* [Brief]:
All entries are to be printed again exactly, with their images omitted.

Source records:
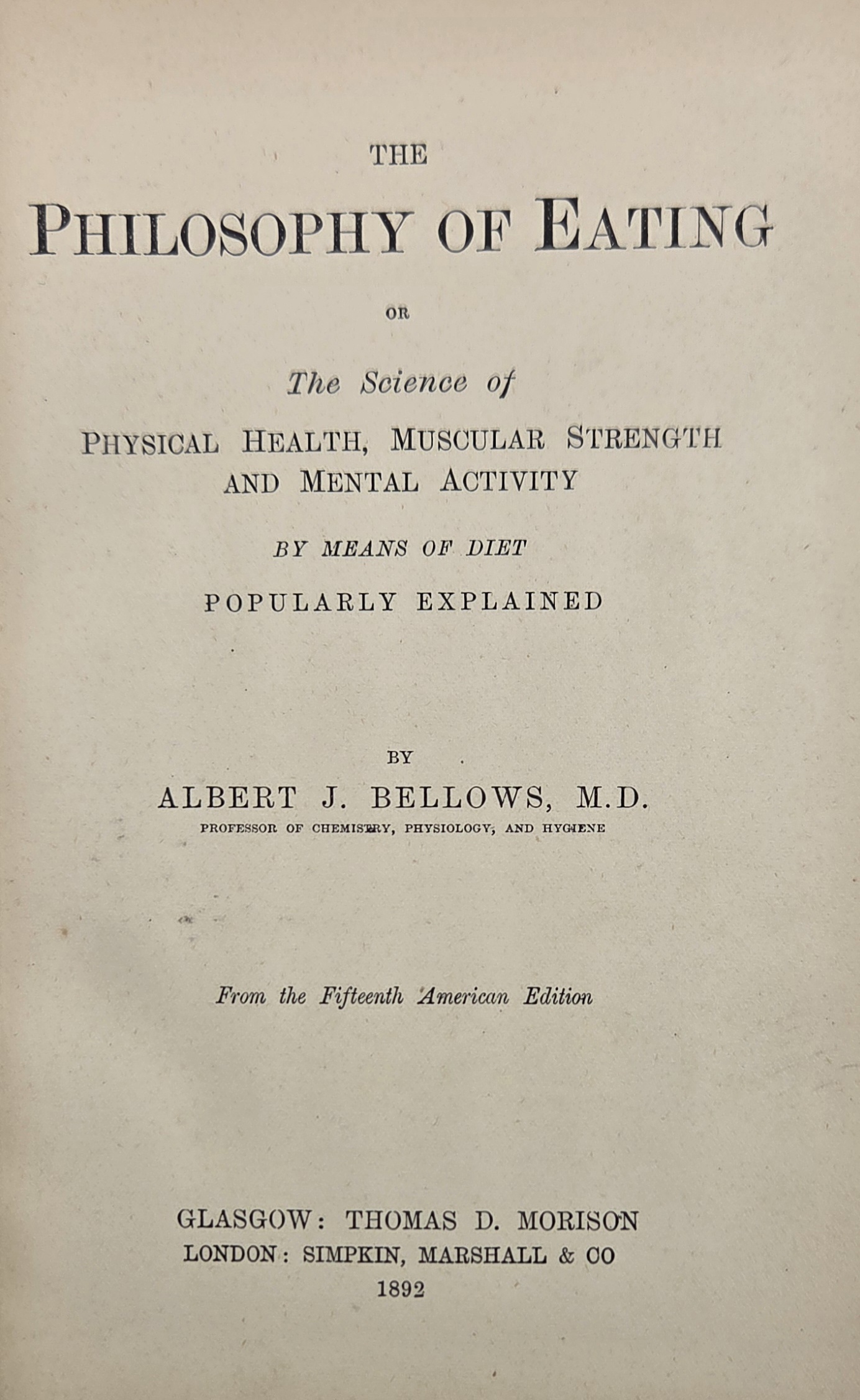 The Philosophy of Eating by Bellows, published in 1892, is a nineteenth-century exploration of diet, health, and the relationship between food and human wellbeing. Written from a scientific and moral perspective, the book argues that many physical ailments arise from improper eating habits rather than disease alone. Bellows examines the nutritional qualities of different foods and explains how digestion, balance, and moderation are essential to maintaining health. He stresses the importance of natural, unadulterated ingredients and criticises excessive reliance on stimulants, refined foods, and overindulgence. The work also connects food to broader themes such as agriculture, environment, and social habits, suggesting that healthy eating is both a personal responsibility and a foundation of a healthy society. Although some ideas reflect the medical thinking of its time, the book is notable for its early emphasis on nutrition as a science. It offers readers practical guidance while encouraging thoughtful reflection on the role of diet in daily life and long-term wellbeing.
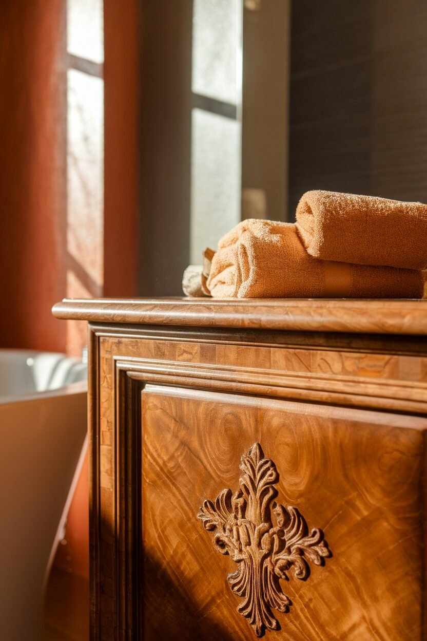 Imagine a beautiful cabinet that looks like it came straight from Grandma’s house! Vintage cabinets are unique, often made of wood with intricate details that add character to your bathroom.
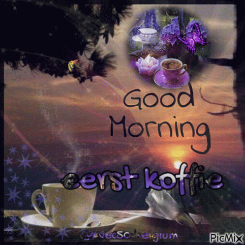 A beautiful 'Good Morning' graphic featuring coffee cups, vibrant flowers, and delicate butterflies against a sunrise backdrop.
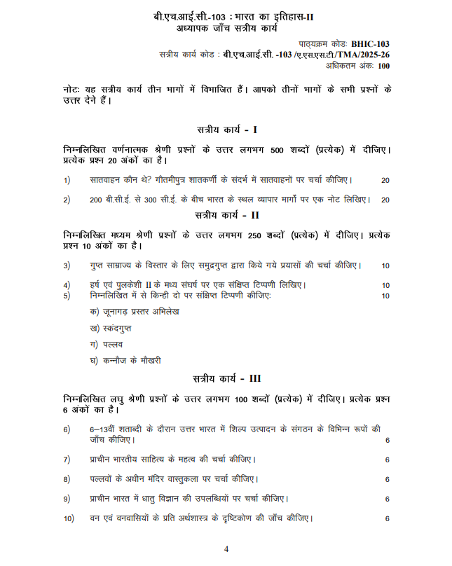 Assignment Code : BHIC-103/TMA/2025-26
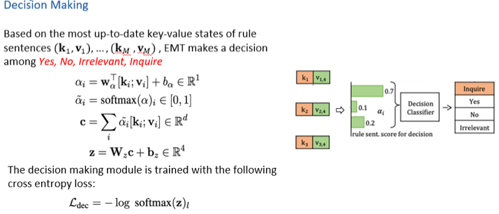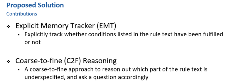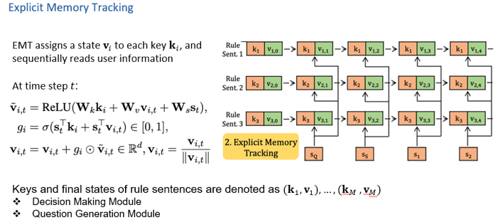 2.1 模型介绍负采样针对于该任务,讲者主要介绍了两项工作,首先是发表于ACL2020的文章“Explicit Memory Tracker with Coarse-to-Fine Reasoning for Conversational Machine Reading”。该工作的贡献有两个:a. 针对决策,提出了explicit tracker,即能够显示的追踪文章中条件是否被满足;b. 采用coarse-to-fine方法抽取Rule Text中没有被问到的规则、条件等。
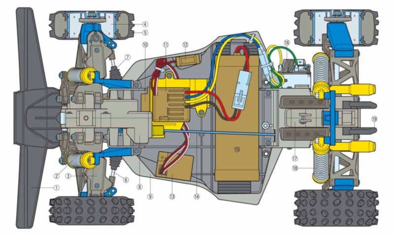 Rack and pinion steering (the only of its kind on a Tamiya model) gives excellent driving feel.
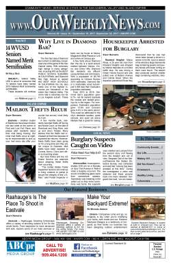 The Weekly News covers community news for Chino, Chino Hills, Diamond Bar, Walnut, Rowland Heights and surrounding areas of San Gabriel Valley and the Inland Empire.Click this link to access the complete issue in PDF format: ALL.9.23.17Weekly
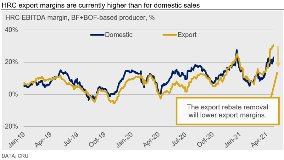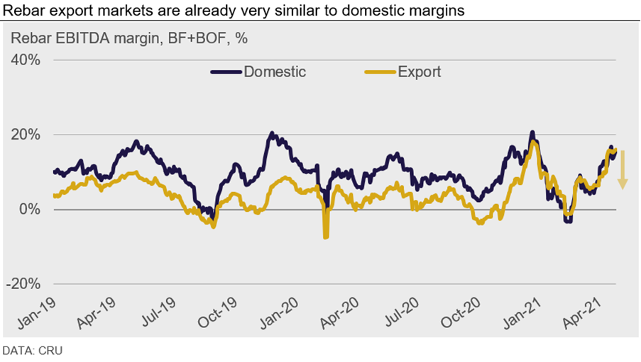 In contrast to HR coil, rebar export margins are already very similar to domestic margins before the VAT rebate cancellation, which means that export margins will fall under domestic margins after its removal. This indicates that the incentive to export will be much less for rebar compared to HR coil.

* [Task response]:
 The Philosophy of Eating by Bellows, published in 1892, is a nineteenth-century exploration of diet, health, and the relationship between food and human wellbeing. Written from a scientific and moral perspective, the book argues that many physical ailments arise from improper eating habits rather than disease alone. Bellows examines the nutritional qualities of different foods and explains how digestion, balance, and moderation are essential to maintaining health. He stresses the importance of natural, unadulterated ingredients and criticises excessive reliance on stimulants, refined foods, and overindulgence. The work also connects food to broader themes such as agriculture, environment, and social habits, suggesting that healthy eating is both a personal responsibility and a foundation of a healthy society. Although some ideas reflect the medical thinking of its time, the book is notable for its early emphasis on nutrition as a science. It offers readers practical guidance while encouraging thoughtful reflection on the role of diet in daily life and long-term wellbeing.
 Imagine a beautiful cabinet that looks like it came straight from Grandma’s house! Vintage cabinets are unique, often made of wood with intricate details that add character to your bathroom.
 A beautiful 'Good Morning' graphic featuring coffee cups, vibrant flowers, and delicate butterflies against a sunrise backdrop.
 Assignment Code : BHIC-103/TMA/2025-26
 2.1 模型介绍负采样针对于该任务,讲者主要介绍了两项工作,首先是发表于ACL2020的文章“Explicit Memory Tracker with Coarse-to-Fine Reasoning for Conversational Machine Reading”。该工作的贡献有两个:a. 针对决策,提出了explicit tracker,即能够显示的追踪文章中条件是否被满足;b. 采用coarse-to-fine方法抽取Rule Text中没有被问到的规则、条件等。
 Rack and pinion steering (the only of its kind on a Tamiya model) gives excellent driving feel.
 The Weekly News covers community news for Chino, Chino Hills, Diamond Bar, Walnut, Rowland Heights and surrounding areas of San Gabriel Valley and the Inland Empire.Click this link to access the complete issue in PDF format: ALL.9.23.17Weekly
 In contrast to HR coil, rebar export margins are already very similar to domestic margins before the VAT rebate cancellation, which means that export margins will fall under domestic margins after its removal. This indicates that the incentive to export will be much less for rebar compared to HR coil.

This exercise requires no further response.